Q) What role does your wife and children play in your life? How are they adapting to your role as a Governor of Mizoram?

My wife was also a lawyer and she used to look after my office in Calicut, Kozhikode before I was shifted to High Court in 2001. My son and son-in-law are also lawyers while my daughter and daughter-in-law are Post Graduates in dental surgery. My son and son-in-law are currently looking after my High Court office. 

My wife is here with me in Raj Bhavan, and most of the days she is into her painting which is her favourite hobby. In Calicut, she was always engaged in work, meeting clients but now, she finally has time for herself.

Q) A strategic state like Mizoram could emerge as a major business route to reach Bangladesh and the rest of South-East Asia. What steps, according to you, should the local government and the Centre plan to make this possible?

I have always wanted to visit the Kaladan Multimodal Project but my plan has been postponed due to the pandemic. The completion of Kaladan Project will be a historical development for trade in the North-East. The Indian side of the project is almost complete while work is still going on along the Myanmar side of the trade route, which will be completed within two years.

Q) Coming from a state that has a relatively large amount of Christian population and becoming a Governor of a state that has Christians as the majority population, how do you describe the youth of Mizoram to that of Kerala and vice versa?

Mizoram youth have been promised to be included in the development of India. Some changes in the mindset are required. Our Prime Minister has given a clarion call that without the development of the eight North-Eastern states, the development of the country will not be complete and growth cannot take place. 

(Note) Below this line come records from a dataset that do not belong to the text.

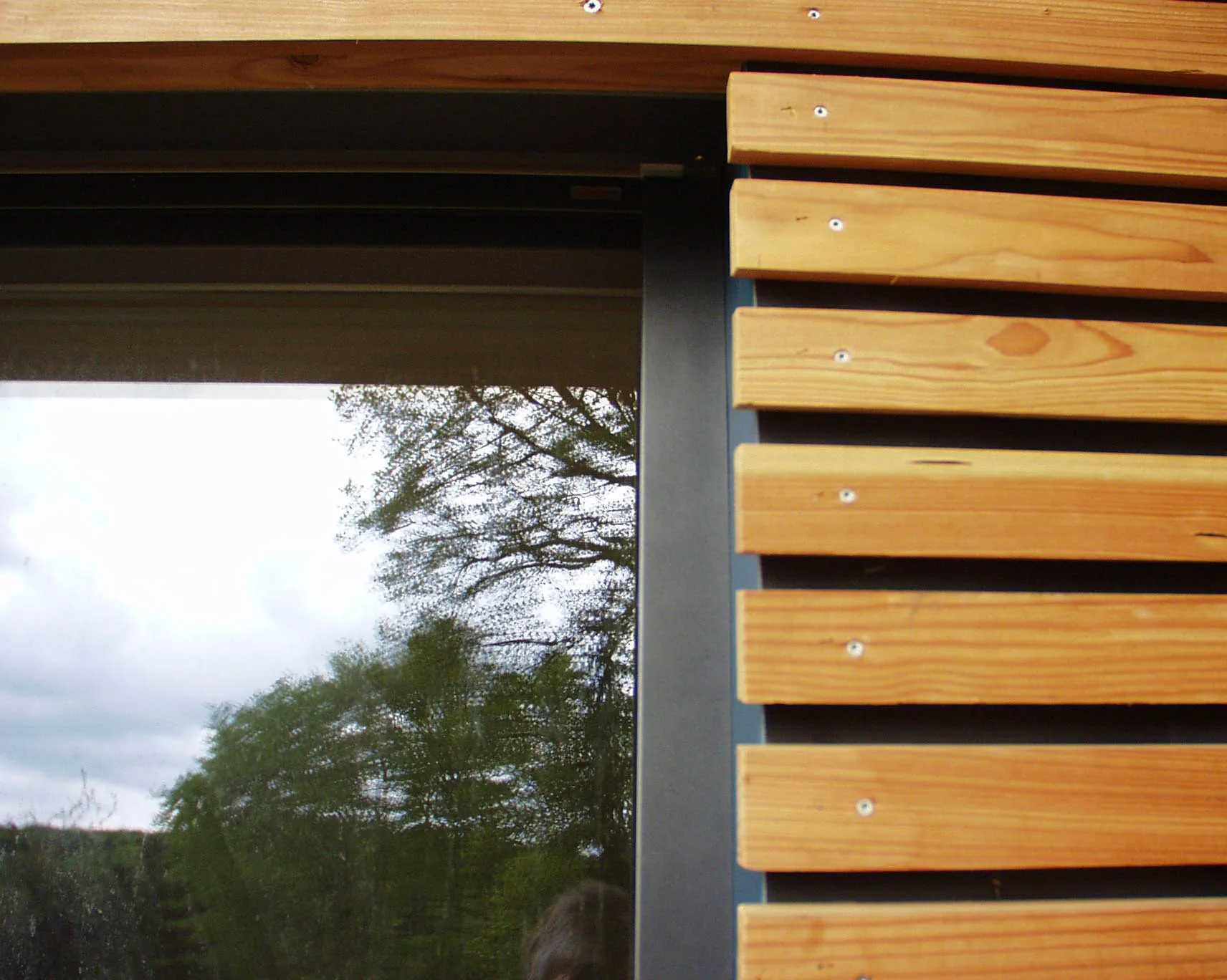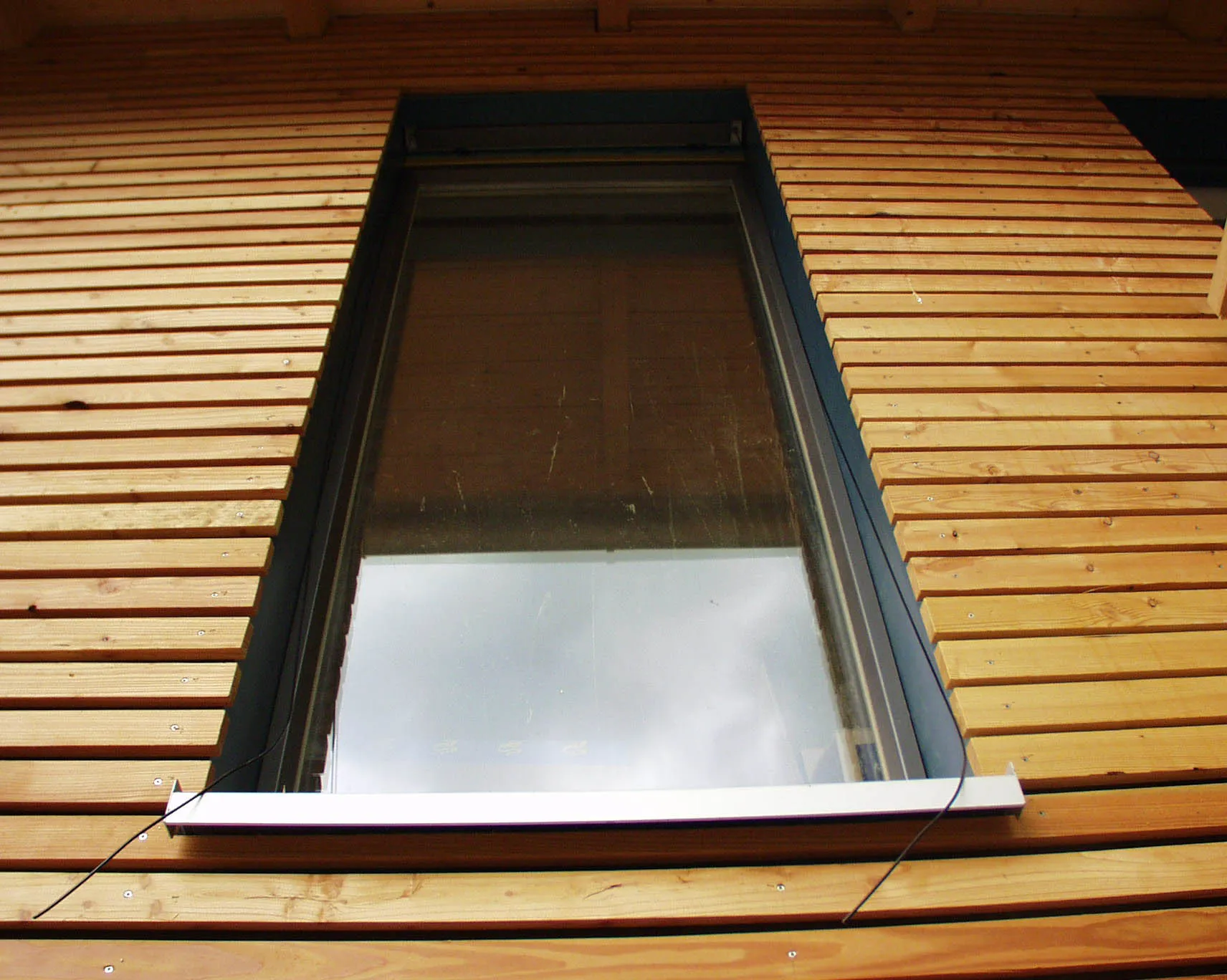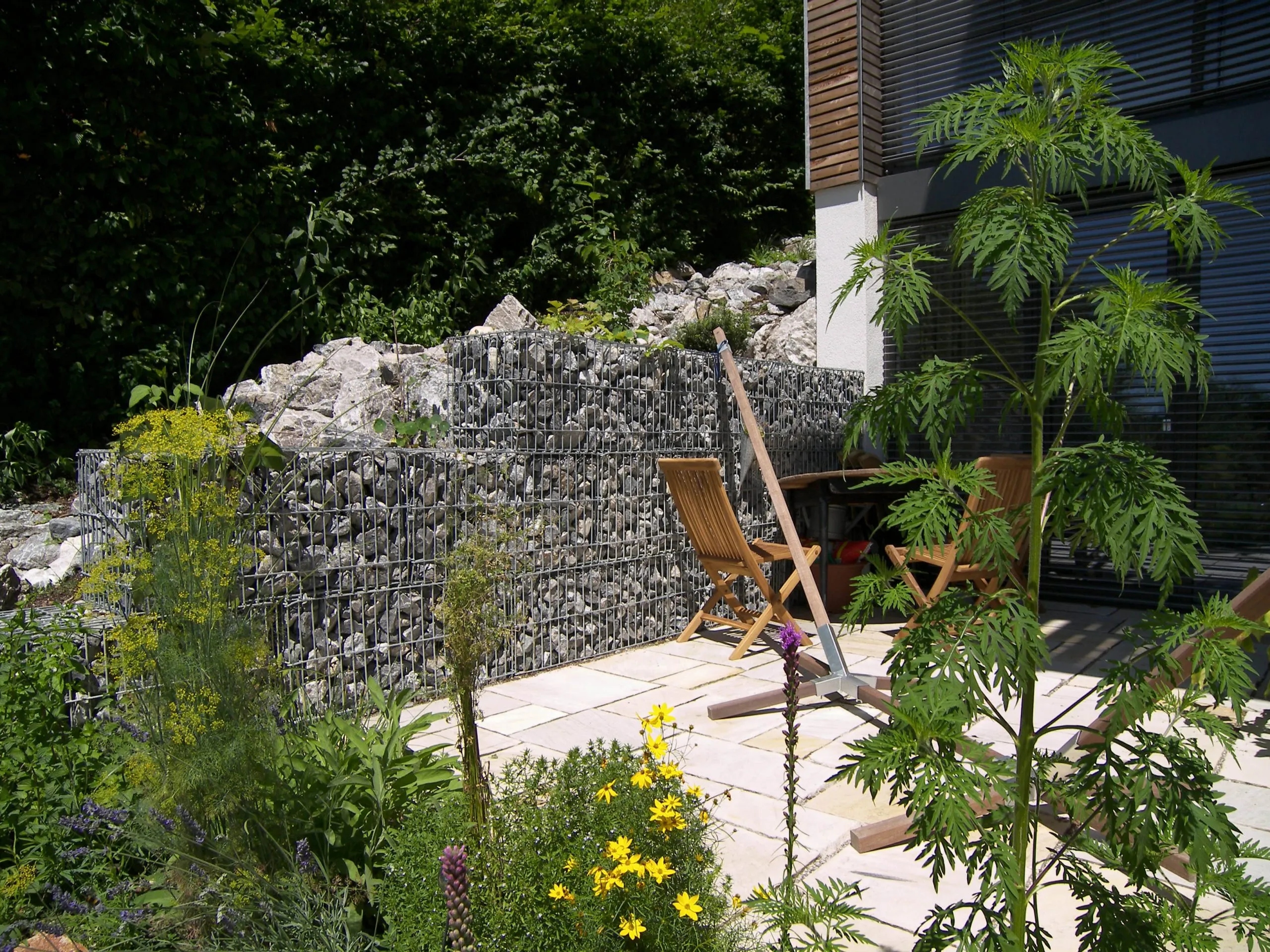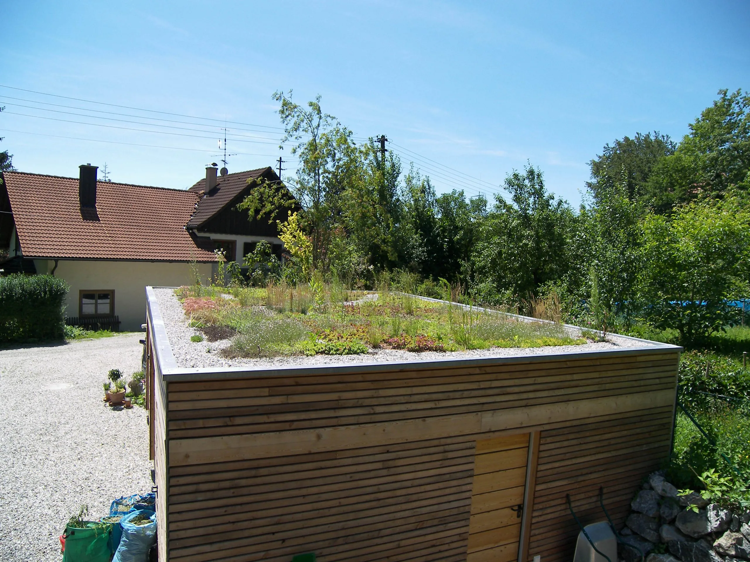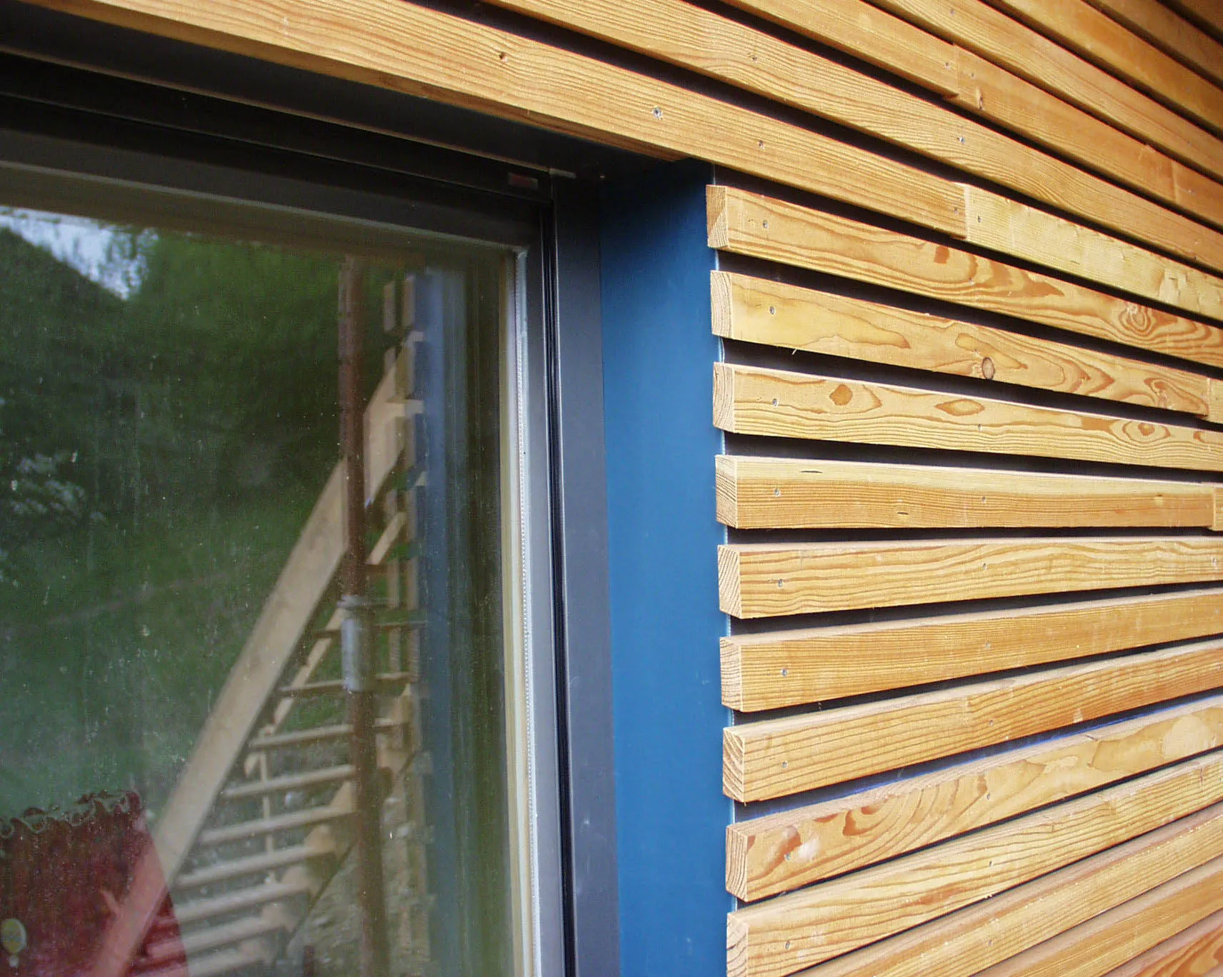 Wohnen im DG mit großem Glasgiebel für schöne Aussicht in die Berge, Balkonkonstruktion aus Stahl aufgehängt an Dachstuhl, Einliegerwohnung im KGHaus, Pelletsheizung, Abschirmgewebe unter Fassade und Dach für hochfrequente Abschirmung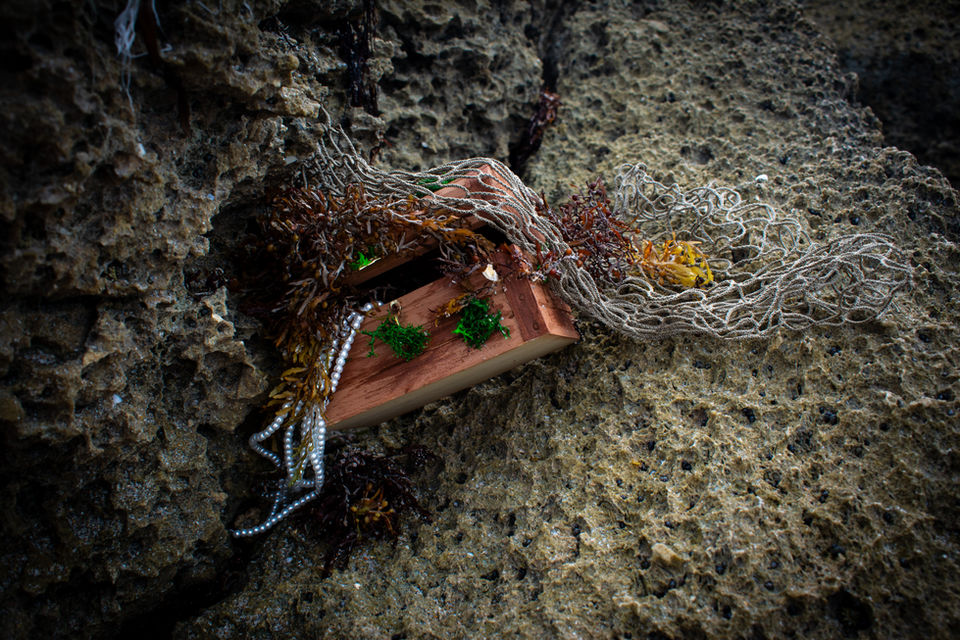 Lurking in the Waters is a series of images that goes into what a person may think about when looking out at sea. Many people all over the world have a fear of not knowing what they are swimming with in the water. Many of these mythical creatures have had different depictions of them through different cultures, and as times change. Since only 5% of our waters have been discovered, we are always finding new objects, and we are often quick to assume that these objects found are linked to a certain mythical creature until more research and testing are done. I decided to use objects that can link to any folklore, but more specifically, the different depictions of sirens.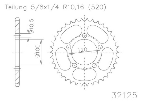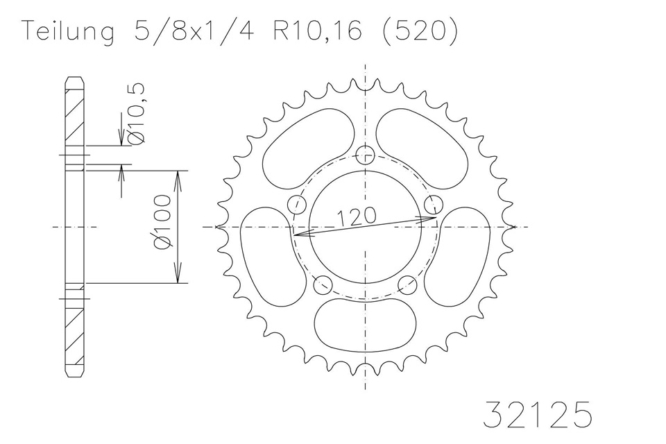 Kettenrad 44 Zähne Stahl 520er Teilung (5/8x1/4)

The NDA government is giving maximum importance to the development of the North-East with a special DoNER Minister to look after its welfare. Talents of the youth need to be used more widely. They should go to other parts of the country as well as abroad to earn their livelihood. 

Q) You have recently called a meeting with the education department regarding the National Educational Policy. What is your view on primary and secondary education in Mizoram?

There is some mistaken information with respect to many things in the field of education in India. It is not Gandhiji’s concept of education that he tried to implement through Dr Zakir Hussein.

Primary education, as enshrined in Article 350 (A) of the India Constitution states that education should be imparted in the mother tongue, after which English can be an option. Mizoram is lagging in terms of Central and All India Services. Knowledge of the Hindi language is essential if we want to interact with mainland India.